Eliminates the heat exhaustion, disperses the heat,
"vacant fire" toothache,
opens the appetite, eliminates constipation,
starts the saliva, quenches the thirst.
Drink it often - there will be benefit.
Forever preserve your health.
On the back there is a long paragraph in Chinese describing the history of the brand and encouraging you to see the importance of buying the authentic item. It is signed "the great-grandsons of Wong Lo Kat". Well may they urge you - spurious brands abound. Beware of imitators!
And there are some concessions to the modern marketplace. The ingredients are listed in Chinese and Latin, with their percentages by weight. There is a UPC barcode on the front in black, and a U.S. "Nutrition Facts" box informing me that one serving (500g) has 5 calories and supplies 1% of my Daily Value of carbohydrate. I'm not looking for carbohydrate any more than I am medicine - I'm looking for that ineffable something, an infused herbal drink at once harsh and soothing, for my long hours concentrating on vital problems of Chinese philology.
Open the package and you find a pile of dried leaves of various kinds, some pieces of wood with the bark still on them, and some twigs.

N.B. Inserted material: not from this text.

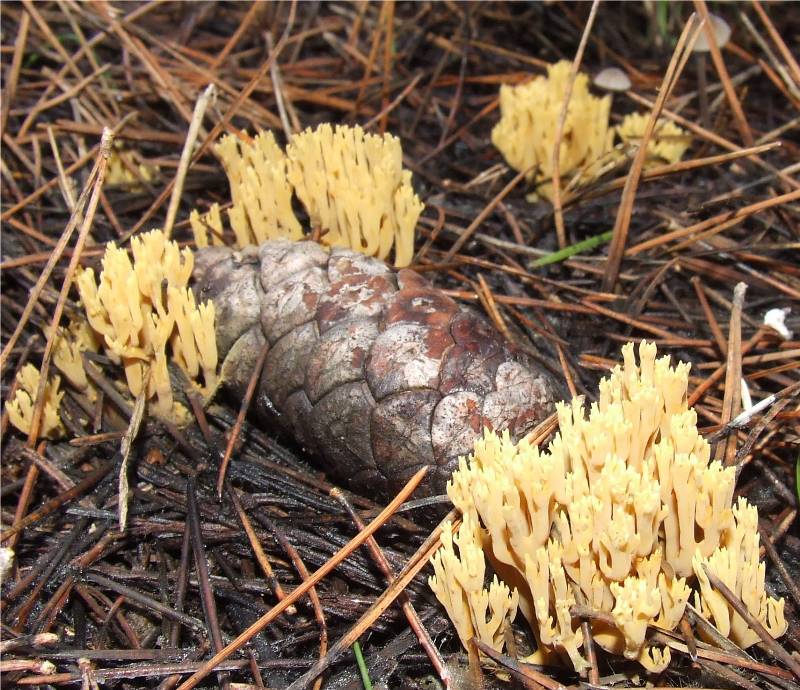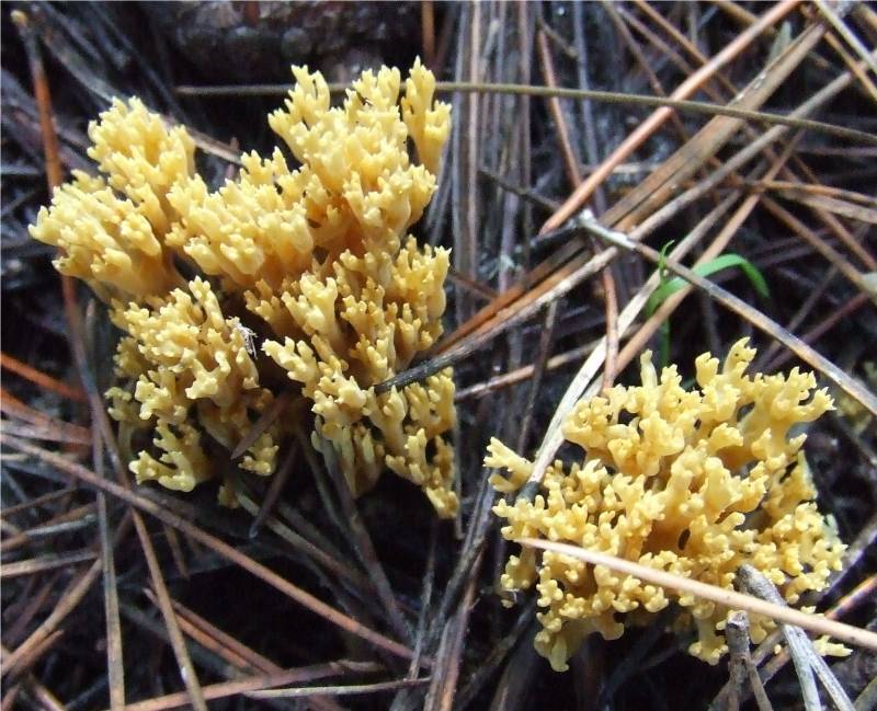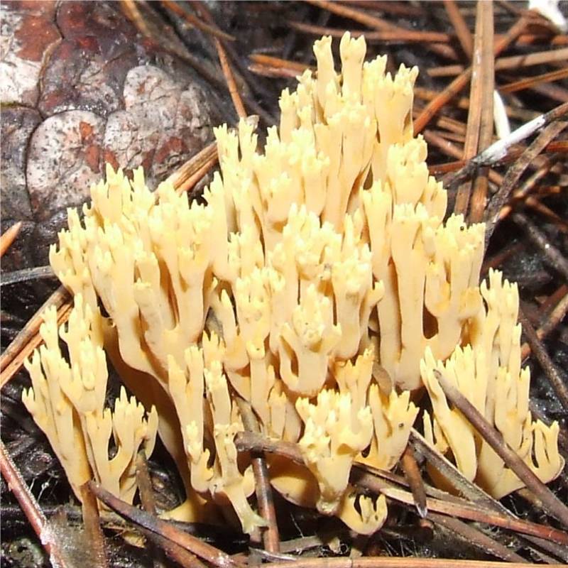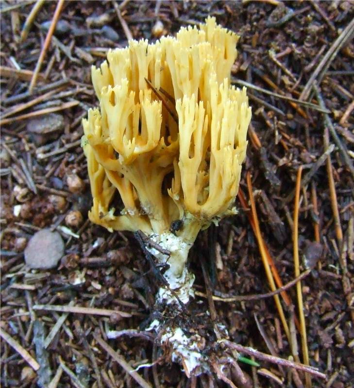 en forme de corail, de 2 à 6 cm de haut et jusqu'à 5 cm de large, de couleur ocre à jaune-brun, constituée de rameaux de 1 à 3 mm de diamètre, ocre jaune à ocre brun, terminés par 2 ou 3 petites pointes plus claires |

The package lists twelve separate items. There are more leaves than anything else, but the two most important ingredients by weight are wood: the root of gangmei (Ilex asprella Champ., a type of holm-oak) and small branches of sang (Morus alba L., the mulberry tree).
Following the instructions, I bring five rice-bowls of water to a boil, throw in the whole contents of the package, and simmer for two hours. The liquid rapidly turns a murky light brown. There is a distinctive herbal smell. My wife comes home and her first words are "Oh, you're making liangcha." And when I strain out the sodden leaves, twigs, and bits of wood after two hours, there is a distinctive taste in the brown decoction. Not to put too fine a point on it, it tastes like boiled wood.
After the liangcha has cooled a bit, I ladle up two cups, drop into each of them five coarse rock-sugar crystals (it's called "ice sugar" in Chinese), and listen as they crack in the hot liquid.
saliva starts, appetite opens...
Stir until they dissolve. My wife and I drink together. We look at each other, then we make faces. Chinese medicine usually tastes awful, which for me is part of its attraction. But this isn't even bad enough to be interesting. The flavor doesn't carry anything of the interesting aroma that was produced while it was infusing. Most seriously, it's not bitter. It just tastes like boiled wood.
Disappointed, we decide to break out the Lagavulin and disperse our heat that way.